Cloudera CDP Data Engineer - Certification - CDP-3002 Exam Questions
QUESTION NO: 1
You need to process data stored in AWS S3 using SparkSQL. Which of the following options correctly reads a JSON file stored in S3 into a DataFrame and performs a SQL query on it?
You need to process data stored in AWS S3 using SparkSQL. Which of the following options correctly reads a JSON file stored in S3 into a DataFrame and performs a SQL query on it?
Correct Answer: A
Explanation: Only visible for Pass4Test members. You can sign-up / login (it's free).
QUESTION NO: 2
Which Spark component is responsible for managing the execution of tasks on worker nodes?
Which Spark component is responsible for managing the execution of tasks on worker nodes?
Correct Answer: A
Explanation: Only visible for Pass4Test members.

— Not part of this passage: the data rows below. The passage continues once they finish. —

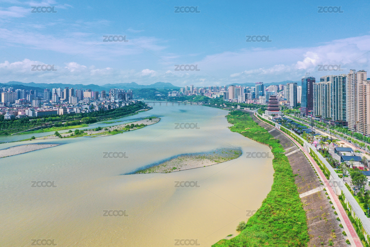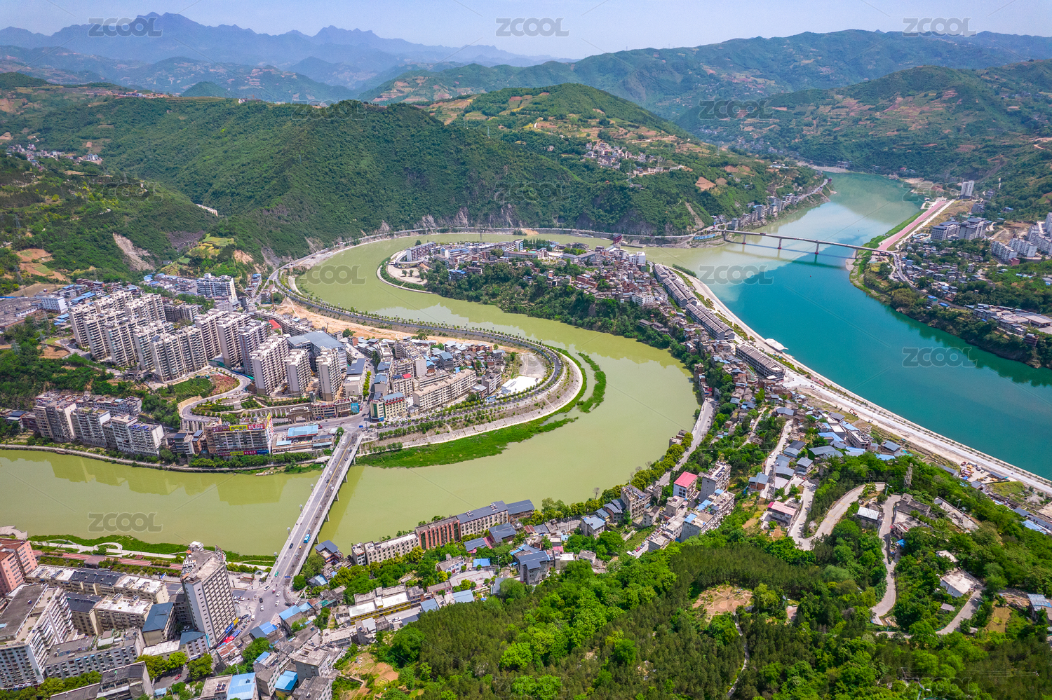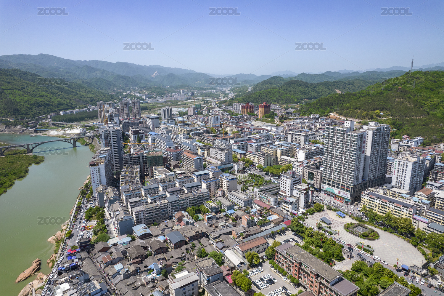 中國陜西省安康市漢濱區(qū)流水古鎮(zhèn)航拍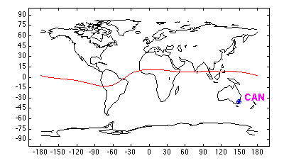 Geomagnetic (1995) Latitude = -45.72 Longitude = 226.29 L = 2.08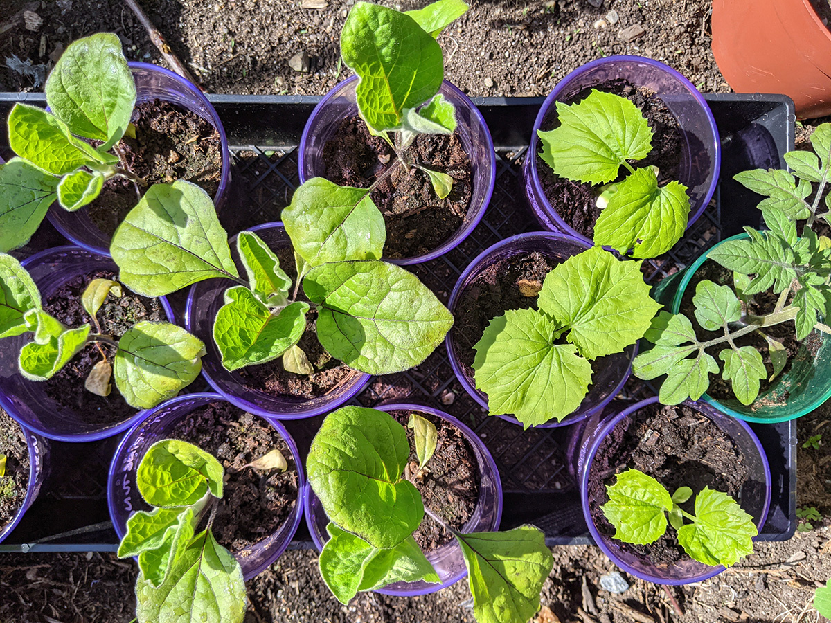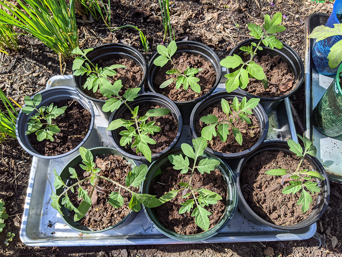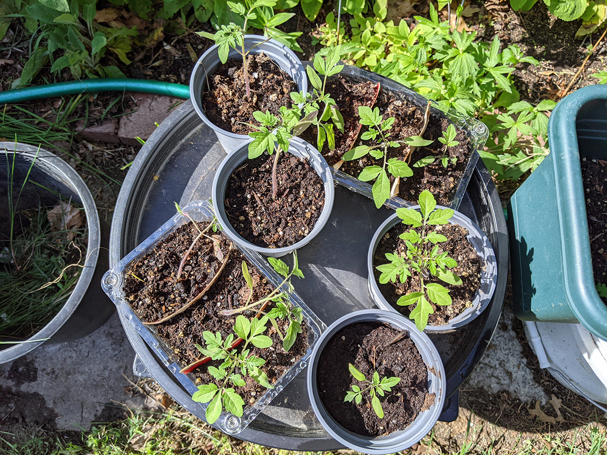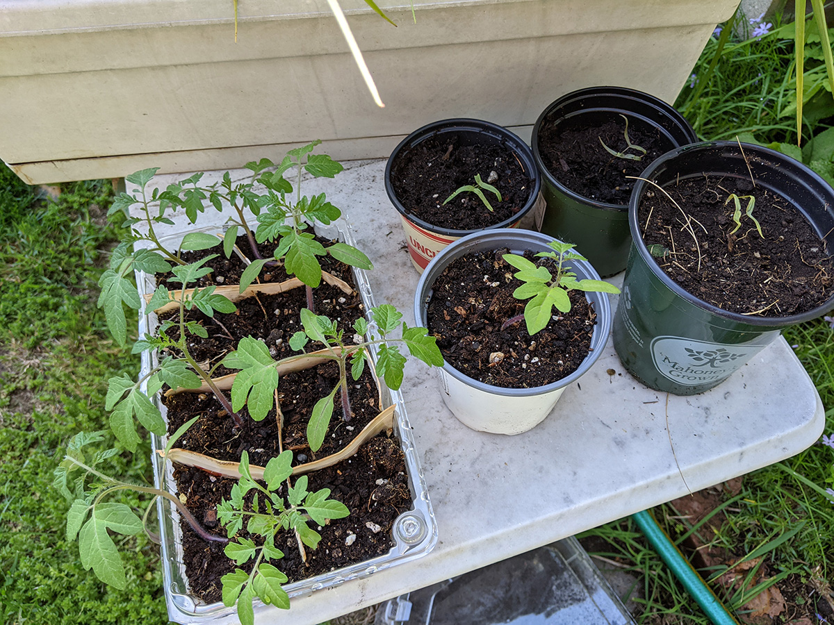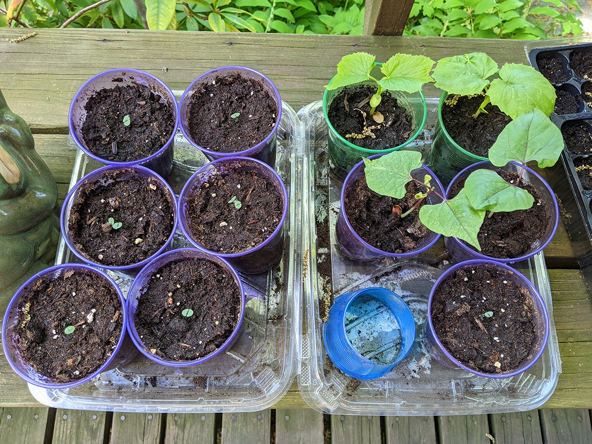 so much of today was about spraying and fertilizing. i mixed a gallon of immunox (2btsp) and sprayed the grapes. 1 gallon is a bit much, i kept spraying the grapevines multiple times until i finally ran out of fungicide; next time i only need to make 1/2 gallon. next i made 1/2 gallon of neem oil solution and sprayed the jasmines and gardenia. once that was done, i applied miracle-gro water soluble plant food to the various plants: all purpose solution for the jasmines (making sure to dilute it for potted plants), chrysanthemums, and peonies; acid-loving plant food for the hydrangeas and the frontyard holly. i also wanted to spray some copper solution on the cherry and plum trees to act as a basic fungicide, but our backyard neighbor was working in his garden and i didn't want to spray while he was there, in case of drifting. i also divided some hyacinth bean seedlings, turned 3 sprouted pots into 6 seedlings.

You can sign-up / login (it's free).
QUESTION NO: 3
What advanced technique can be used in Hive to optimize queries on bucketed tables by skipping unnecessary data?
What advanced technique can be used in Hive to optimize queries on bucketed tables by skipping unnecessary data?
Correct Answer: B
Explanation: Only visible for Pass4Test members. You can sign-up / login (it's free).
QUESTION NO: 4
You need to design your Airflow DAG for data quality checks to be easily monitored and visualized. How can you achieve this?
You need to design your Airflow DAG for data quality checks to be easily monitored and visualized. How can you achieve this?
Correct Answer: A,B,D
Explanation: Only visible for Pass4Test members. You can sign-up / login (it's free).
QUESTION NO: 5
You're facing a schema mismatch between a Spark DataFrame and a Hive table when trying to write the DataFrame to the table. What are the potential causes and how can you address them?
You're facing a schema mismatch between a Spark DataFrame and a Hive table when trying to write the DataFrame to the table. What are the potential causes and how can you address them?
Correct Answer: A
Explanation: Only visible for Pass4Test members. You can sign-up / login (it's free).
QUESTION NO: 6
How does Apache NiFi support schema inference during data flow management?
How does Apache NiFi support schema inference during data flow management?
Correct Answer: B
Explanation: Only visible for Pass4Test members. You can sign-up / login (it's free).
QUESTION NO: 7
What challenge does schema inference aim to address when dealing with big data ecosystems?
What challenge does schema inference aim to address when dealing with big data ecosystems?
Correct Answer: B
Explanation: Only visible for Pass4Test members. You can sign-up / login (it's free).
QUESTION NO: 8
When using Apache Airflow to schedule quality checks, which strategy helps ensure that checks are only run on the most recent data partition?
A Use the LatestOnlyOperator to skip tasks that are not the latest in a series of executions.
When using Apache Airflow to schedule quality checks, which strategy helps ensure that checks are only run on the most recent data partition?
A Use the LatestOnlyOperator to skip tasks that are not the latest in a series of executions.
Correct Answer: B
Explanation: Only visible for Pass4Test members. You can sign-up / login (it's free).
QUESTION NO: 9
In a meeting about Spark applications deployment on Kubernetes, your team discusses strategies for handling node failures. Which Kubernetes feature should be utilized to maintain high availability in case of node failures?
A Horizontal Pod Autoscaler
In a meeting about Spark applications deployment on Kubernetes, your team discusses strategies for handling node failures. Which Kubernetes feature should be utilized to maintain high availability in case of node failures?
A Horizontal Pod Autoscaler
Correct Answer: C
Explanation: Only visible for Pass4Test members. You can sign-up / login (it's free).
QUESTION NO: 10
Which Airflow feature allows you to template your tasks, enabling dynamic generation of task parameters such as table names for data quality checks?
Which Airflow feature allows you to template your tasks, enabling dynamic generation of task parameters such as table names for data quality checks?
Correct Answer: A
Explanation: Only visible for Pass4Test members. You can sign-up / login (it's free).